Records for processing:
########

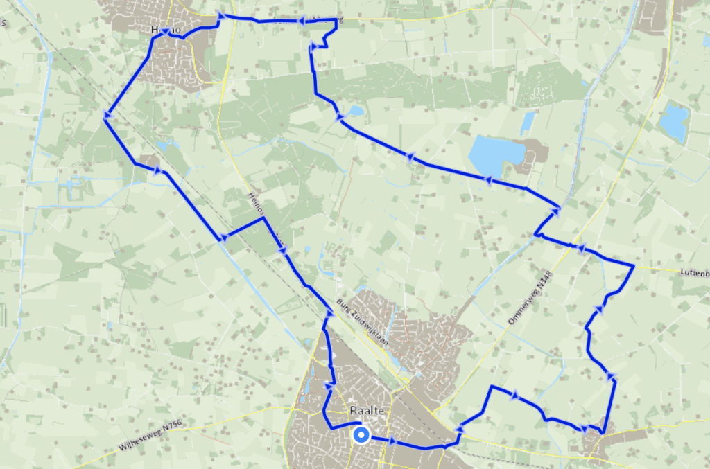 Plaatsen waar je doorheen fietst: Heino, Luttenberg, Mariënheem, Raalte, Wijhe
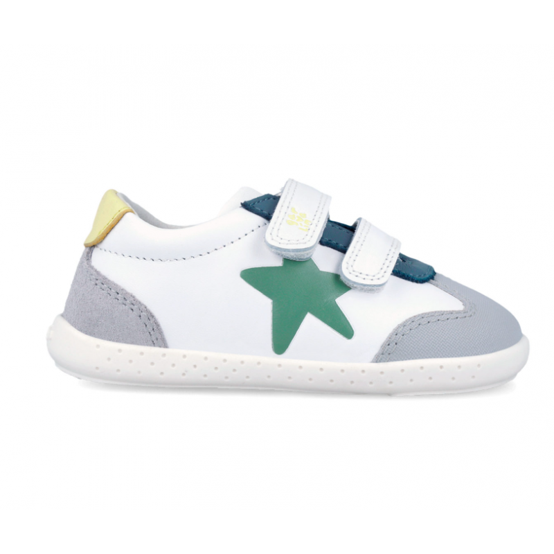Zapato deportivo confeccionado en piel con cierre de doble velcro.
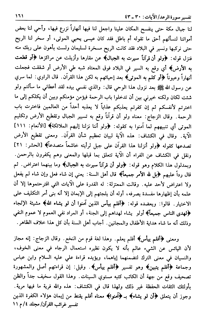 وبمدلول هذا الكلام وهو قوله: وَلَوْ أَنَّ قُرْآناً سُيِّرَتْ بِهِ الْجِبالُ وما بينهما اعتراض. ثم قال ردا عليهم بَلْ لِلَّهِ الْأَمْرُ جَمِيعاً قال أهل السنة: يعني إن شاء فعل وإن شاء لم يفعل ولا اعتراض لأحد عليه. وقالت المعتزلة: له القدرة على الآيات التي اقترحتموها إلا أن علمه بأن إظهارها مفسدة يصرفه، أوله أن يلجئهم إلى الإيمان إلا أنه بنى أمر التكليف على الاختيار. قالوا: ويعضده قوله: أَفَلَمْ يَيْأَسِ الَّذِينَ آمَنُوا أَنْ لَوْ يَشاءُ اللَّهُ مشيئة الإلجاء لَهَدَى النَّاسَ جَمِيعاً أولو يشاء لهداهم إلى الجنة، أو المراد نفي العموم لا عموم النفي وذلك أنه ما شاء هداية الأطفال والمجانين. أجاب أهل السنة بأن كل هذا خلاف الظاهر.
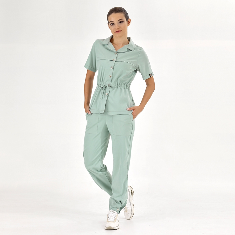 Mint Yeşili Retro Kadın Doktor Hemşire Medikal Scrubs Takım Lüks Likralı Kumaş, kadın sağlık çalışanlarının şıklığı ve rahatlığı için tasarlanmış klasik yaka ve önden düğmeli cerrahi takımdır. Beldeki büzgü detayı ve paça tasarımıyla zarif bir görünüm sunar.
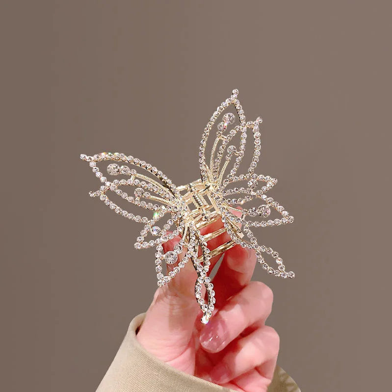 1 peça borboleta elástico grampo de cabelo acessório para trás da cabeça placa grampo de cabelo temperamento elegante pérola strass avançado se
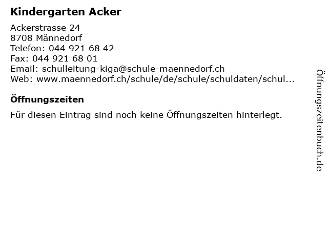 | Öffnungszeiten Kindergarten Acker in Männedorf anzeigen | |
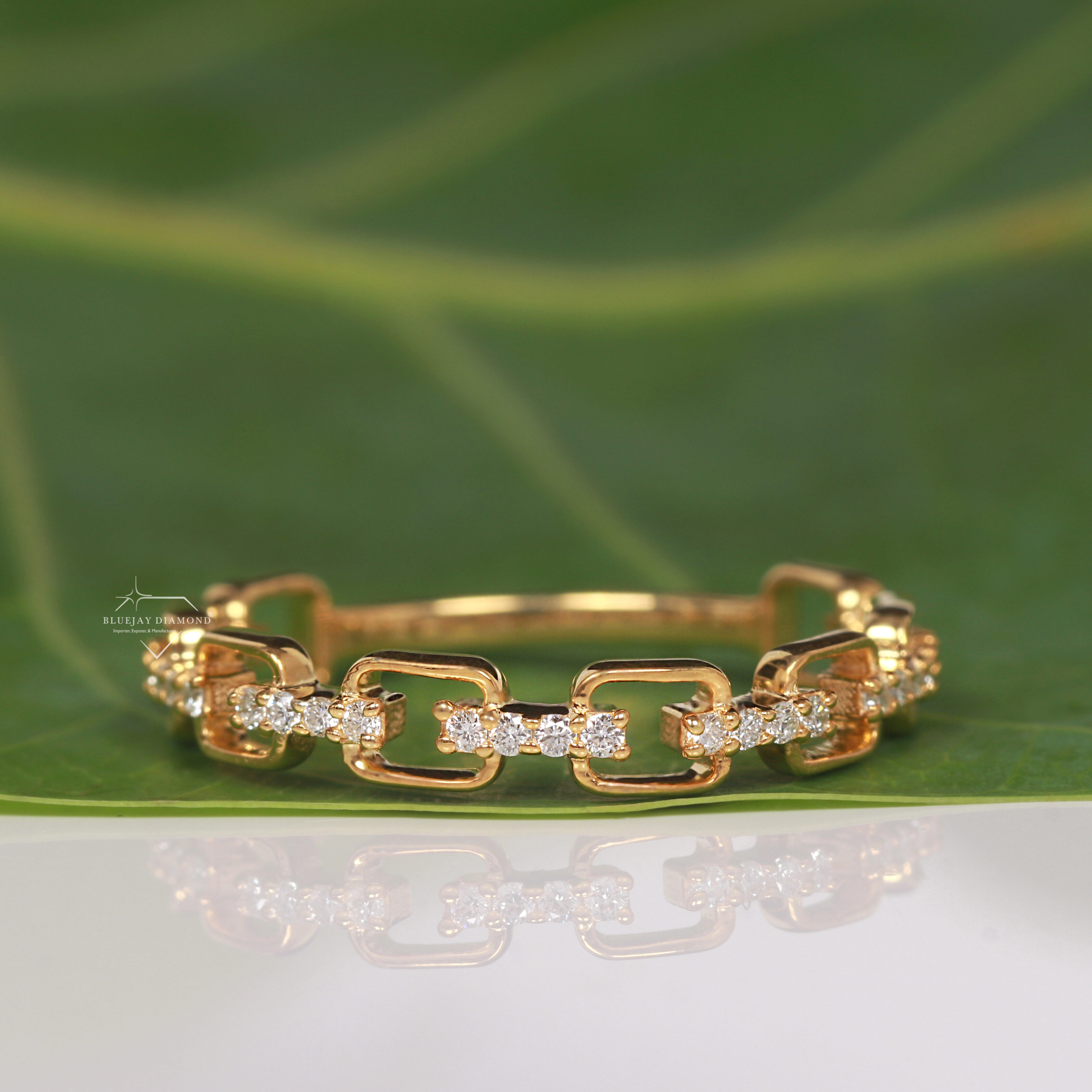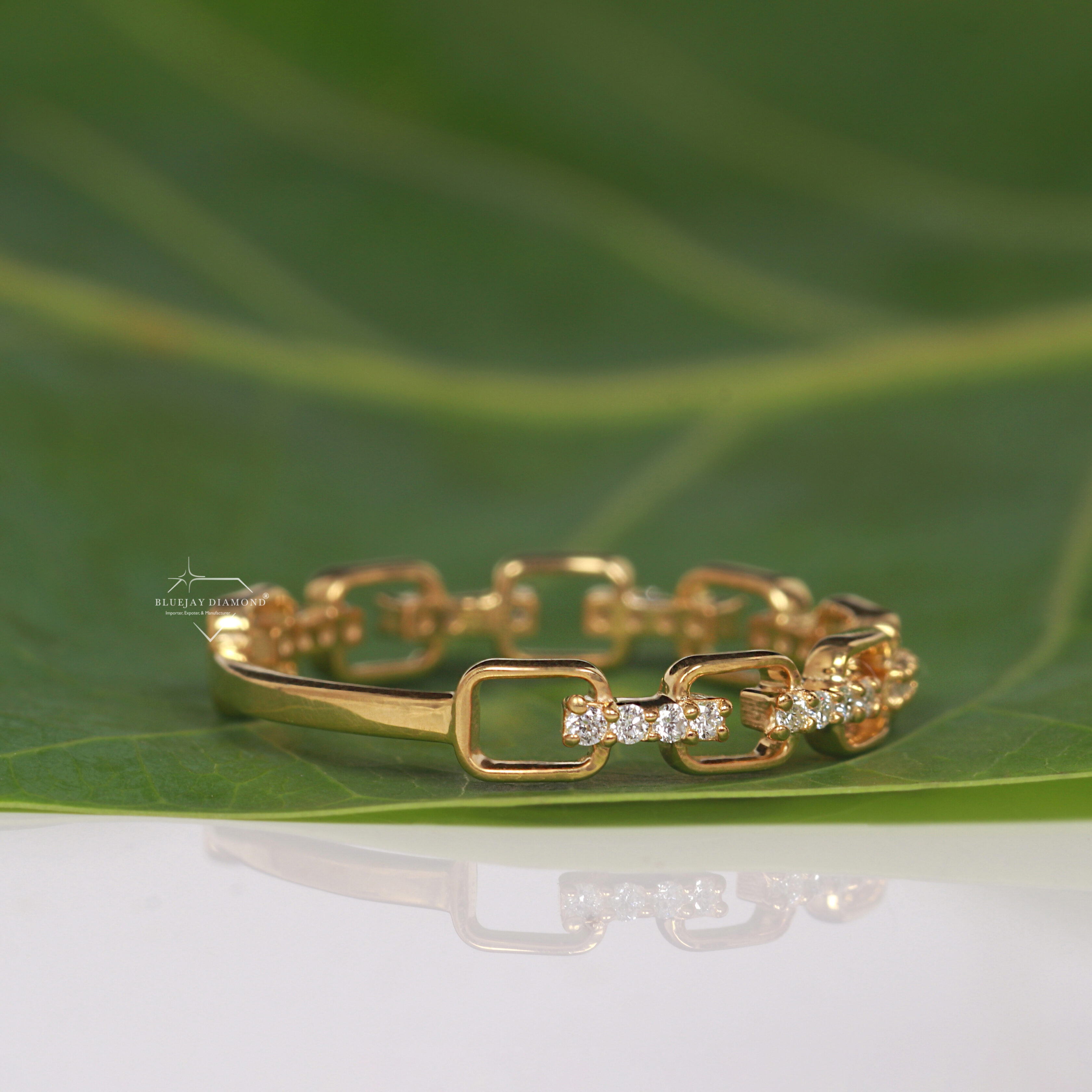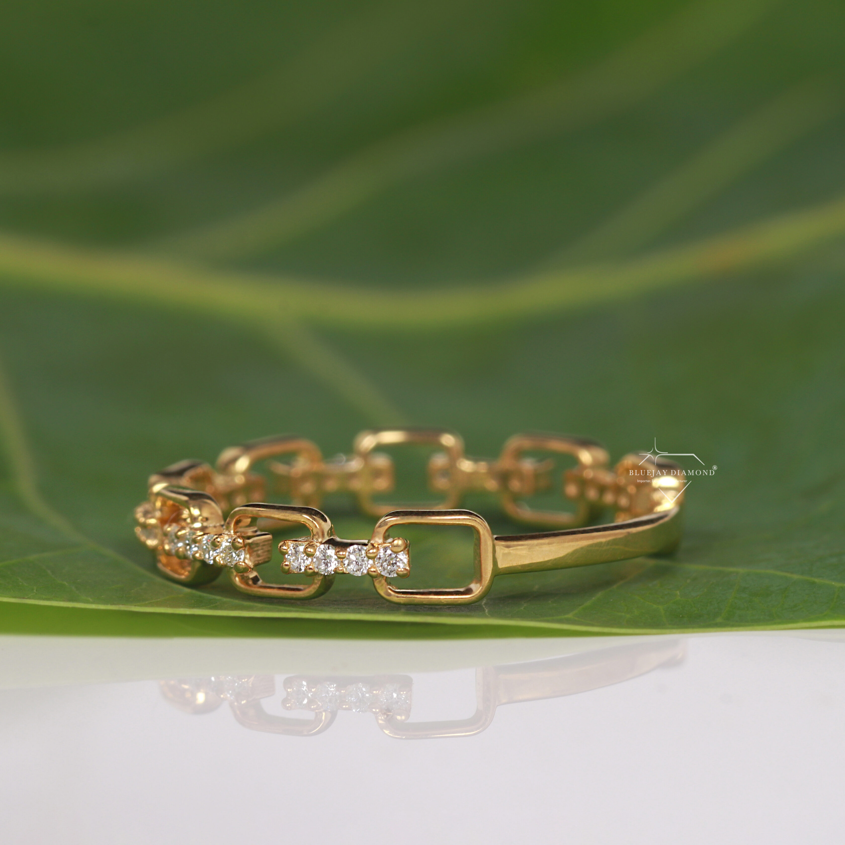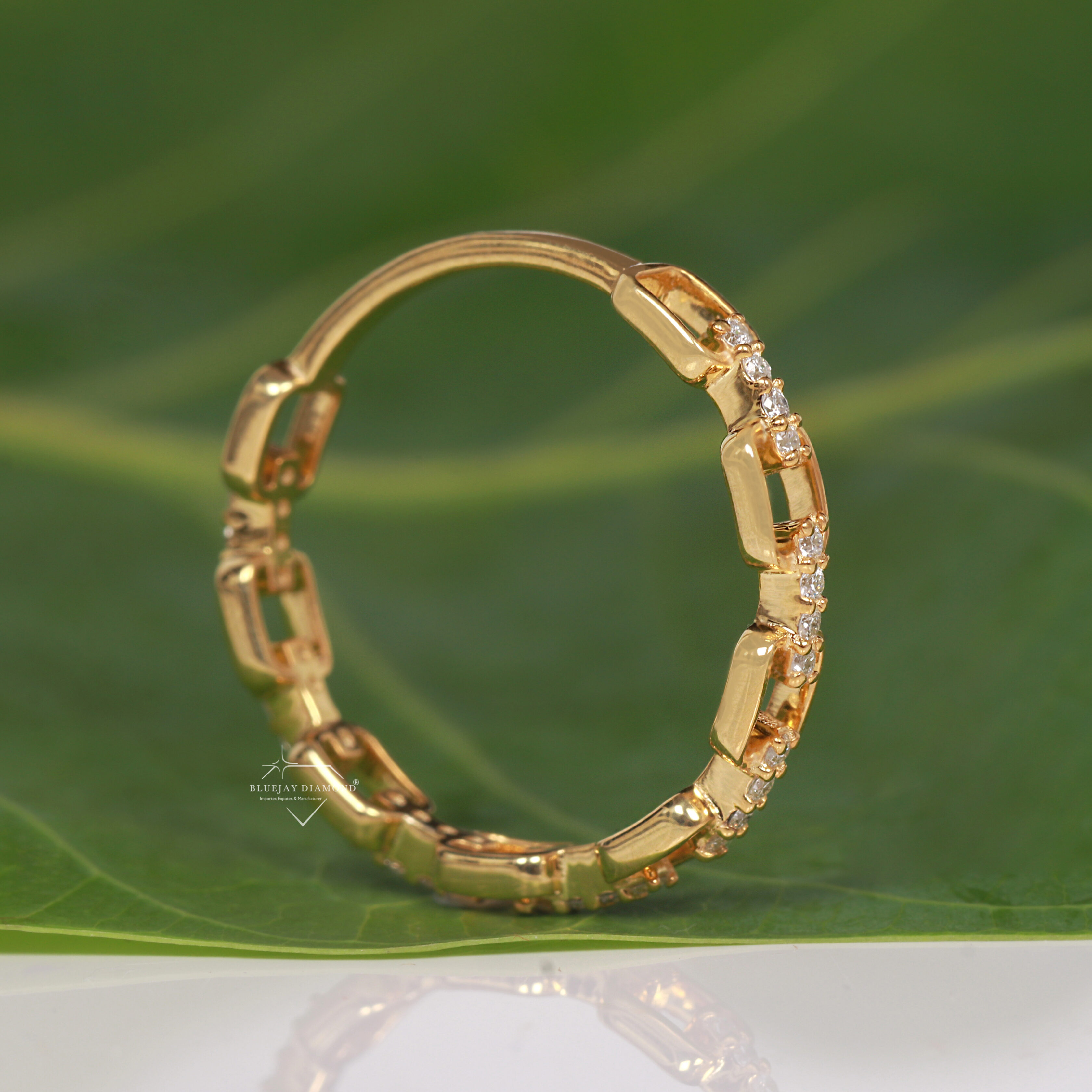 - Placement: The diamonds are strategically set along the top surface of the main, rectangular-shaped links.
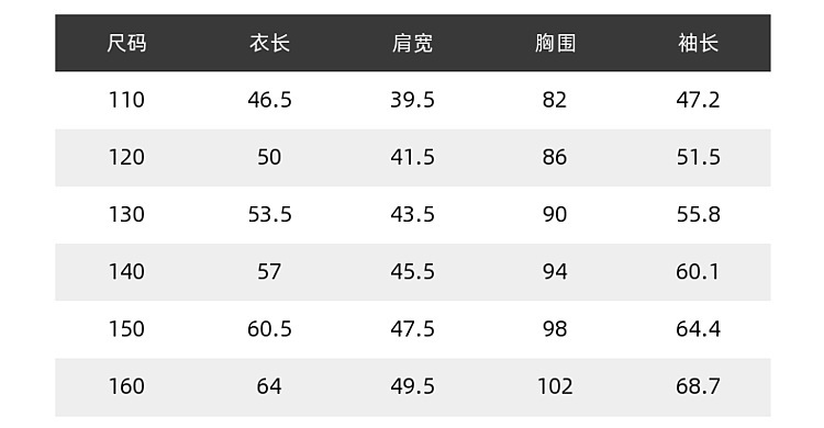 110 см; 120 см; 130 см; 140 см; 150 см; 160cm; 170cm
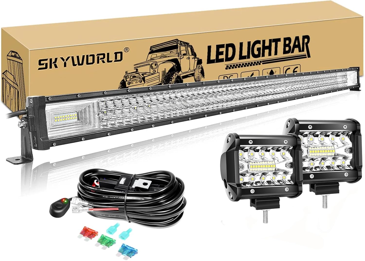 SKYWORLD 52 Inch Straight 675W Tri-Row LED Light Bar + 2PCS 4 Inch 60W Spot LED Pods - Spot/Flood Combo Beam, Off-Road Work Lighting for Trucks UTV ATV Boat,Included Wiring Harness

########

Directions:
Set down again, exactly, the lines of the material above from its first line to the one with "Zapato deportivo confeccionado", inclusive. Leave the pictures out.

Result for this exercise:
 Plaatsen waar je doorheen fietst: Heino, Luttenberg, Mariënheem, Raalte, Wijhe
Zapato deportivo confeccionado en piel con cierre de doble velcro.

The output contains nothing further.